I've read Why don't the manufacturers do these? a place for ideas... (BTW, great topic - please write more) and one of the ideas was:

lmh wrote:
Calculate the inner product of an LC-MS spectrum and the same spectrum shifted X units left. Soooo useful for neutral losses. This just means take a copy of the spectrum, move it X units leftwards, multiply each intensity of ion in the region where the two spectra overlap by its corresponding value in the other unshifted spectrum, and sum all the values. If you have a peak that fragments to something X units lighter (source fragmentation), it will be intense in both the unshifted and the shifted spectrum, and you get a big signal. This really does work, and is a valuable addition to single quads, and useful in ion-traps, where it will pick up things that weren't chosen for data-dependent fragmentation.
I have some questions:
1. Why do we want to multiply instead of adding the signals like we do for the isotopes? All these masses could relate to the same substance:
Image
2. When extracting EIC - I assume all these fragments should be summed up to result in a bigger peak, right?

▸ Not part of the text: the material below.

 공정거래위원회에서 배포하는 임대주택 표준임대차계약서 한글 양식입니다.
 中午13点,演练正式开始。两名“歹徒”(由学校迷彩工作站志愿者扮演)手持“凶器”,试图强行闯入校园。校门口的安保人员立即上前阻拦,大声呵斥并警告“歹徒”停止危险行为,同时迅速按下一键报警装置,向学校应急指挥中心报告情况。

3. Shouldn't the detection of neutral loss be done automatically w/o manual intervention? Finding repeating patterns within the scan isn't too hard (that's where we'd multiply to get the inner product) though it will take more time to calculate.. Or do chemists want to have full control over this?
4. If the neutral loss contained Br or Cl this would result in a different isotopic pattern - would chemists try to figure out such neutral loss as well? I mean - is it practical?